### WHAT TO WORK ON
Character for character, transcribe the entries below, minus the images.
[Start of Attachment]
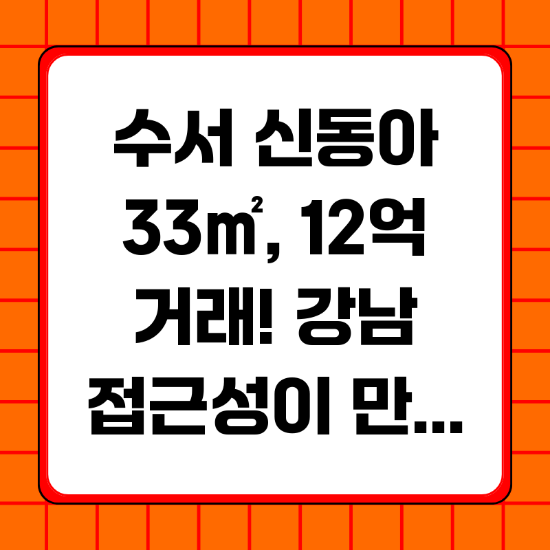 ➡️ 원본 포스팅( 수서신동아 33제곱미터 12억 거래 ... ) 보러가기
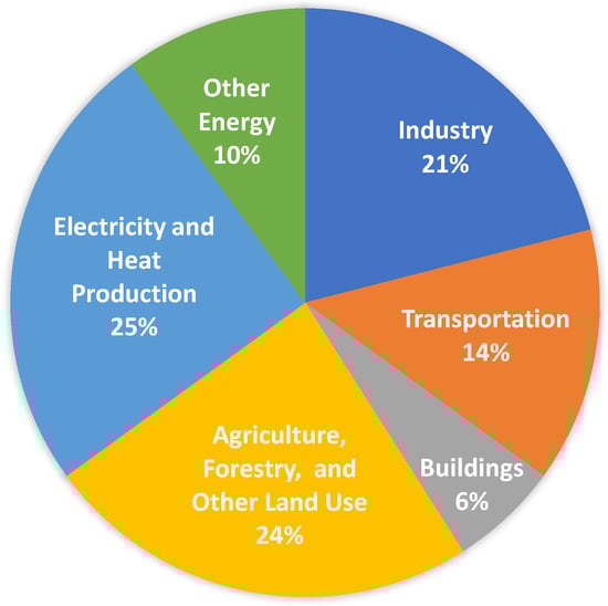 Trucks are necessary to carry drones and supplies as well as parcels in last-mile drone delivery. However, trucks mostly use fossil-based fuels that cause the Green-House Gas (GHG). Edenhofer et al. [] reported in 2014 that transportation produces 14% of the global GHG and 95% of the world transportation energy is from fossil fuels. Figure 6 depicts a pie chart of global GHG emissions by economic sectors using the data reported by Edenhofer et al. []. Due to the adverse effects of GHG on the environment, reducing GHG is a critical problem to solve. This problem also matters to retail businesses as they use trucks that consume fossil fuels for transportation and delivery.
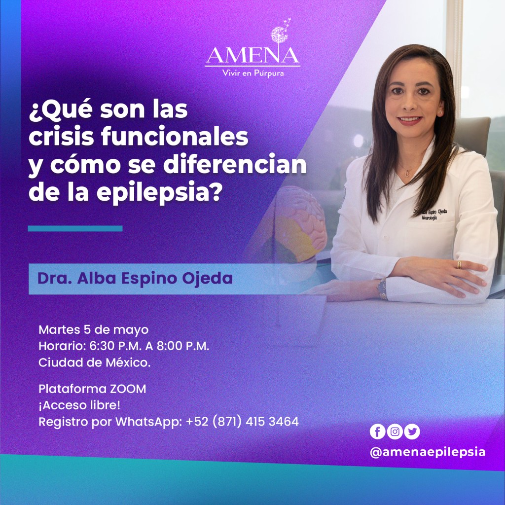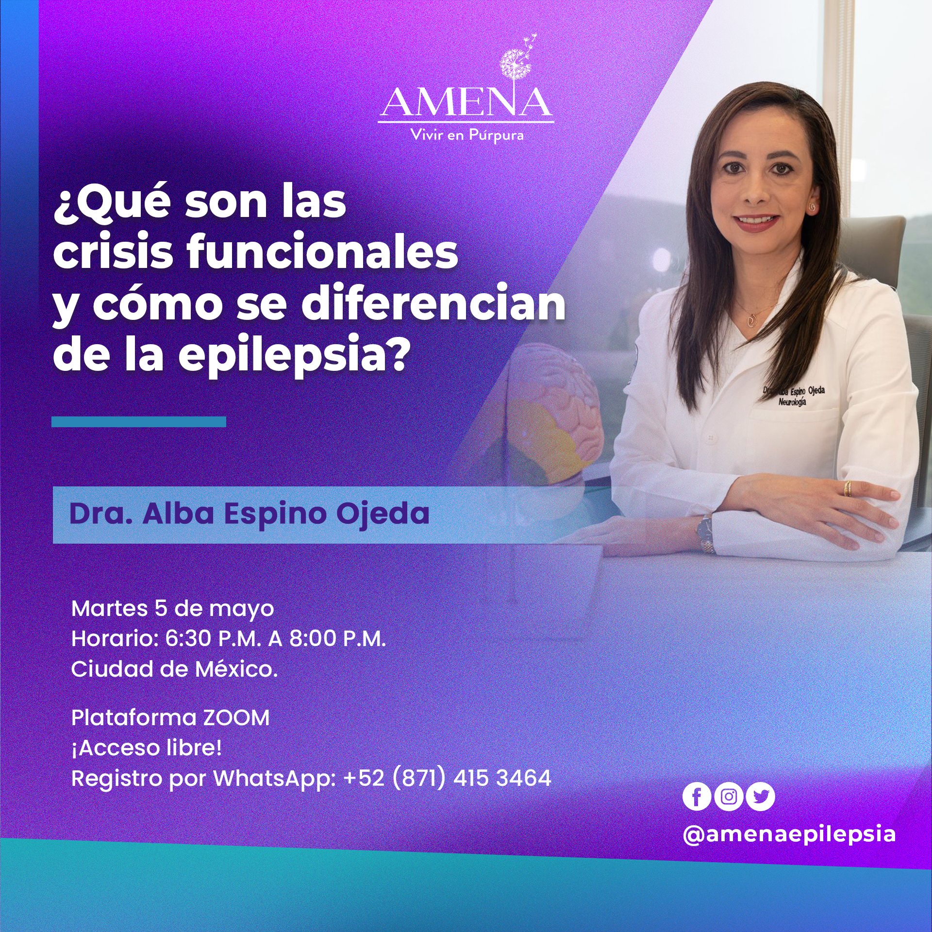 El martes 5 de mayo hablaremos sobre ¿Qué son las crisis funcionales y cómo se diferencian de la epilepsia? con la Dra. Alba Espino Ojeda
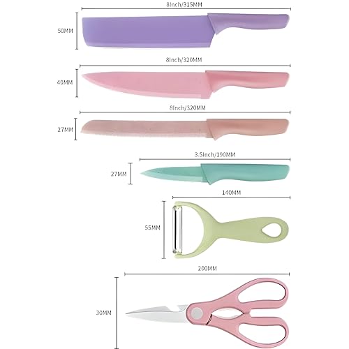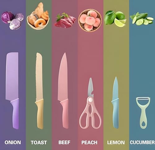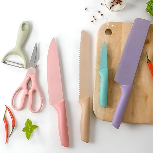 - مجموعة متكاملة لجميع احتياجات المطبخ تشمل سكين ساطور، سكين خبز مموج، سكين فاكهة، سكين تقشير، مقشرة سيراميك، ومقص مطبخ متعدد الوظائف لتغطية كل مهام التقطيع
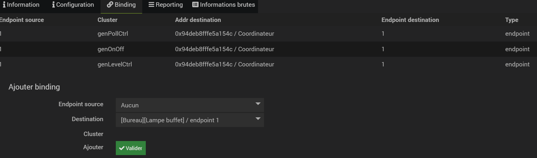 Si cela.ne fonctionne pas, voir la fiche zigbee2mqtt de ton ampoule et de ta télécommande. Il y a parfois des procédures particulières comme de faire le binding à un groupe obligatoirement, de retirer le coordinator, etc.
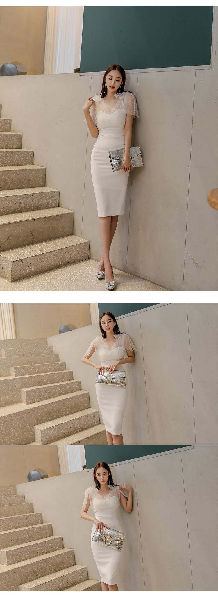 新着ファッション パーティー ボディコン ドレスエレガント夏セクシー視点気質オフィス レディ シンプル白ペンシル ドレス ホワイト サマー 夏物 会社 学校 通勤や通学にも
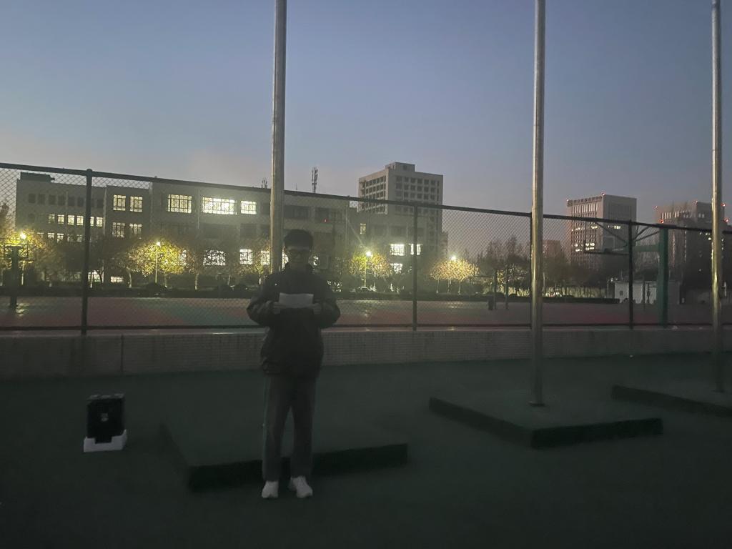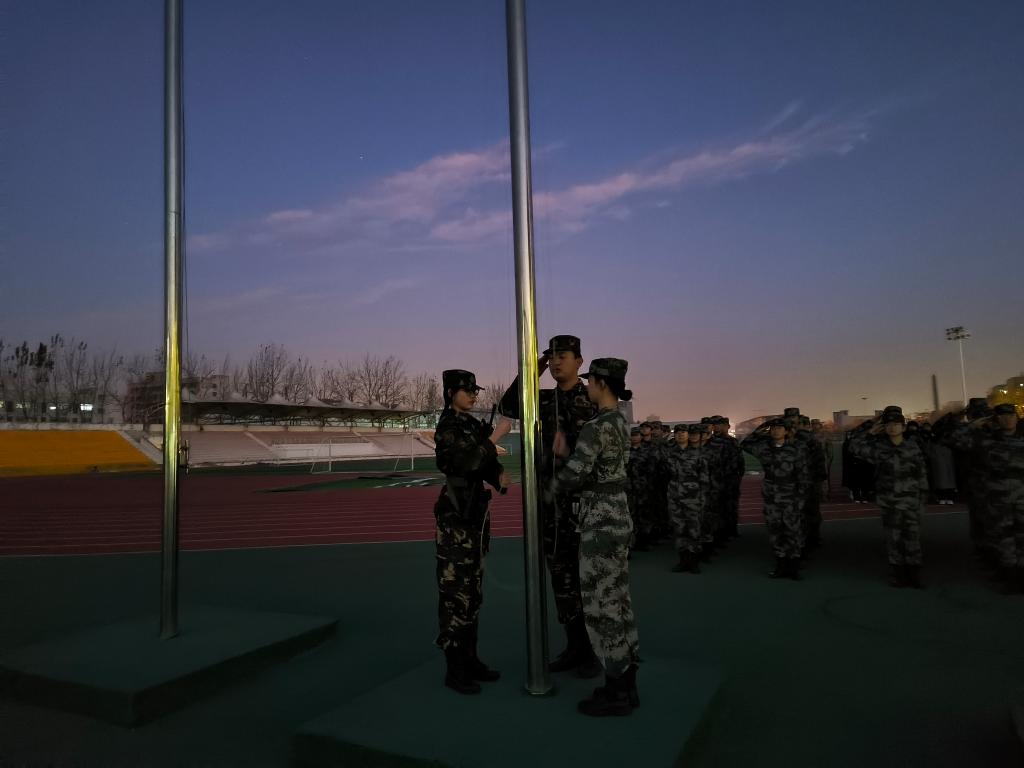 冬日的清晨,寒风凛冽,东方欲晓,身着军装、英姿飒爽的国旗护卫队护卫着鲜艳的五星红旗缓缓走向升旗台。扬雄风,挺傲骨,身姿昂扬;踢正步,走正队,步履铿锵。伴随着庄严的国歌声,升旗手振臂一挥,凝聚着无数革命先烈血水与汗水的五星红旗迎着朝阳冉冉升起,迎风飘扬。在场同学庄严肃立,面向国旗行注目礼,表达对历史的铭记和对先辈英烈的缅怀。
[End of Attachment]
### THE ANSWER
 ➡️ 원본 포스팅( 수서신동아 33제곱미터 12억 거래 ... ) 보러가기
 Trucks are necessary to carry drones and supplies as well as parcels in last-mile drone delivery. However, trucks mostly use fossil-based fuels that cause the Green-House Gas (GHG). Edenhofer et al. [] reported in 2014 that transportation produces 14% of the global GHG and 95% of the world transportation energy is from fossil fuels. Figure 6 depicts a pie chart of global GHG emissions by economic sectors using the data reported by Edenhofer et al. []. Due to the adverse effects of GHG on the environment, reducing GHG is a critical problem to solve. This problem also matters to retail businesses as they use trucks that consume fossil fuels for transportation and delivery.
 El martes 5 de mayo hablaremos sobre ¿Qué son las crisis funcionales y cómo se diferencian de la epilepsia? con la Dra. Alba Espino Ojeda
 - مجموعة متكاملة لجميع احتياجات المطبخ تشمل سكين ساطور، سكين خبز مموج، سكين فاكهة، سكين تقشير، مقشرة سيراميك، ومقص مطبخ متعدد الوظائف لتغطية كل مهام التقطيع
 Si cela.ne fonctionne pas, voir la fiche zigbee2mqtt de ton ampoule et de ta télécommande. Il y a parfois des procédures particulières comme de faire le binding à un groupe obligatoirement, de retirer le coordinator, etc.
 新着ファッション パーティー ボディコン ドレスエレガント夏セクシー視点気質オフィス レディ シンプル白ペンシル ドレス ホワイト サマー 夏物 会社 学校 通勤や通学にも
 冬日的清晨,寒风凛冽,东方欲晓,身着军装、英姿飒爽的国旗护卫队护卫着鲜艳的五星红旗缓缓走向升旗台。扬雄风,挺傲骨,身姿昂扬;踢正步,走正队,步履铿锵。伴随着庄严的国歌声,升旗手振臂一挥,凝聚着无数革命先烈血水与汗水的五星红旗迎着朝阳冉冉升起,迎风飘扬。在场同学庄严肃立,面向国旗行注目礼,表达对历史的铭记和对先辈英烈的缅怀。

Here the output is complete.